## About this task
Repeat the listing exactly. Pictures stay out of your copy.

## Extracted material
──────────────────────────────
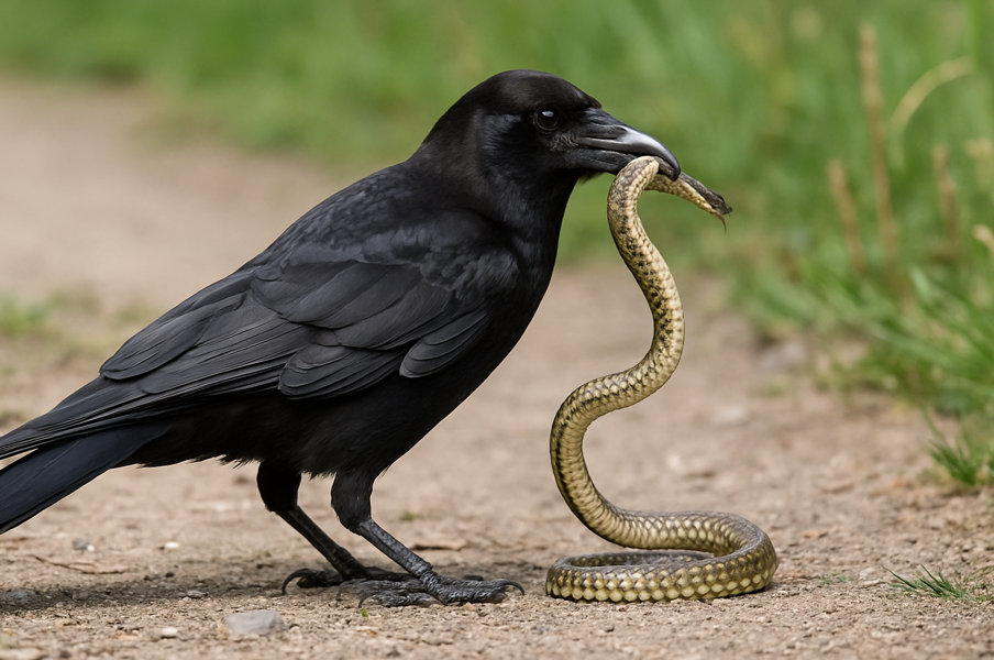 要するに、カラスは機会捕食者としてヘビを食べることがあり、特に幼蛇や負傷個体、低温時の個体が狙われやすいということです。
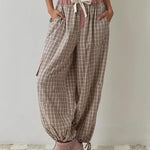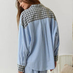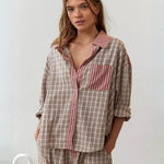 Model clasic cu carouri – Dispune de un tricou cu carouri atemporal și pantaloni asortați, care nu se vor demoda niciodată.
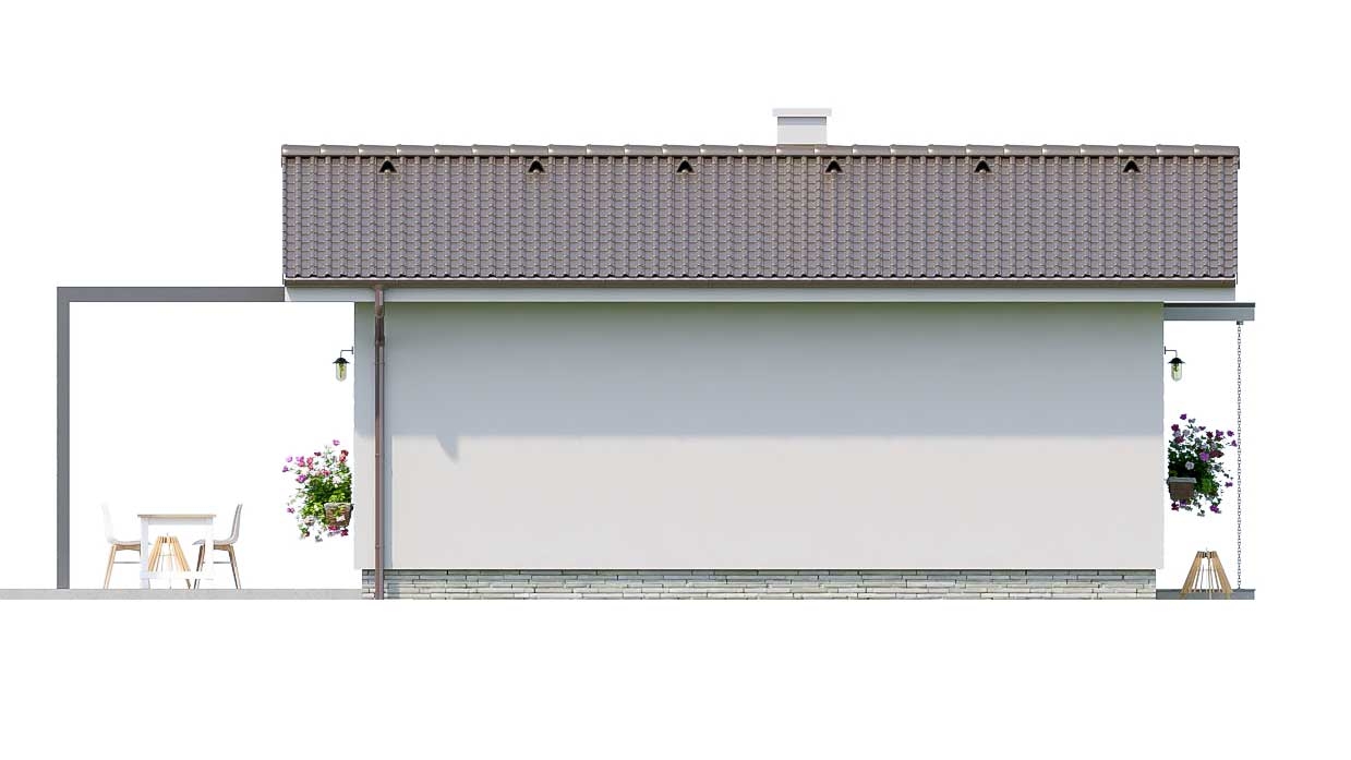 The project of a bungalow without a garage will satisfy the requirements of a family of 2 - 3 members. For parking, there is a reserved space next to the house. A parking space can be built with a roof. This small family house is suitable for realization on flat or slightly sloping land and as a holiday cottage.
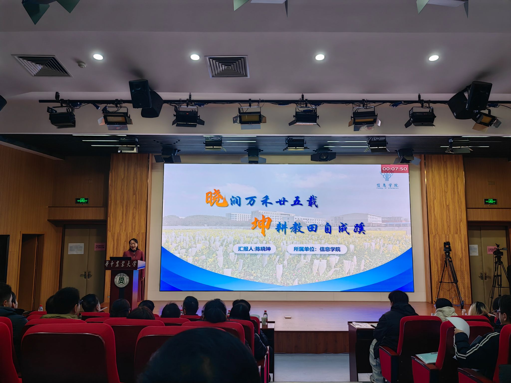 陈晓坤老师长期坚守教学一线,主讲《概率论与数理统计B》等课程,曾获湖北省高校教师教学创新大赛特等奖、西浦全国大学教学创新大赛年度教学创新一等奖等多项荣誉。作为省级线上线下混合式一流本科课程《概率论与数理统计B》负责人,她亦获评“狮山硕彦教学能手”称号。在教学过程中,她始终以学生为中心,结合农科人才培养需求,不断探索教学模式创新、优化教学内容,积极引入人工智能技术,注重启发与互动,着力提升学生的逻辑思维与创新能力。其严谨细致的教学态度和生动易懂的授课风格广受学生好评,教学评价持续位列学院前茅。此次获得教学质量优秀一等奖,正是对她长期潜心教学、深耕育人事业的充分肯定。
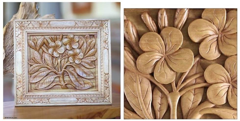 Wood relief panel 'Frangipani Flowers' Item ID: 2671701908
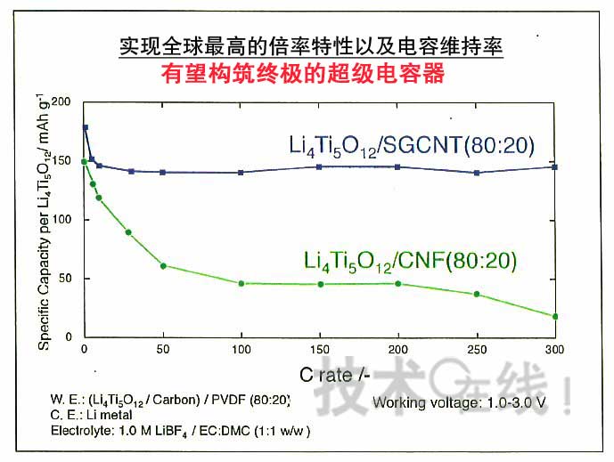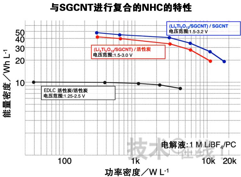 圖1:特性得到提高。綠線表示采用SGCNT、紅線表示采用活性炭作為正極材料時(shí)的特性
──────────────────────────────
## Answer to this task
 要するに、カラスは機会捕食者としてヘビを食べることがあり、特に幼蛇や負傷個体、低温時の個体が狙われやすいということです。
 Model clasic cu carouri – Dispune de un tricou cu carouri atemporal și pantaloni asortați, care nu se vor demoda niciodată.
 The project of a bungalow without a garage will satisfy the requirements of a family of 2 - 3 members. For parking, there is a reserved space next to the house. A parking space can be built with a roof. This small family house is suitable for realization on flat or slightly sloping land and as a holiday cottage.
 陈晓坤老师长期坚守教学一线,主讲《概率论与数理统计B》等课程,曾获湖北省高校教师教学创新大赛特等奖、西浦全国大学教学创新大赛年度教学创新一等奖等多项荣誉。作为省级线上线下混合式一流本科课程《概率论与数理统计B》负责人,她亦获评“狮山硕彦教学能手”称号。在教学过程中,她始终以学生为中心,结合农科人才培养需求,不断探索教学模式创新、优化教学内容,积极引入人工智能技术,注重启发与互动,着力提升学生的逻辑思维与创新能力。其严谨细致的教学态度和生动易懂的授课风格广受学生好评,教学评价持续位列学院前茅。此次获得教学质量优秀一等奖,正是对她长期潜心教学、深耕育人事业的充分肯定。
 Wood relief panel 'Frangipani Flowers' Item ID: 2671701908
 圖1:特性得到提高。綠線表示采用SGCNT、紅線表示采用活性炭作為正極材料時(shí)的特性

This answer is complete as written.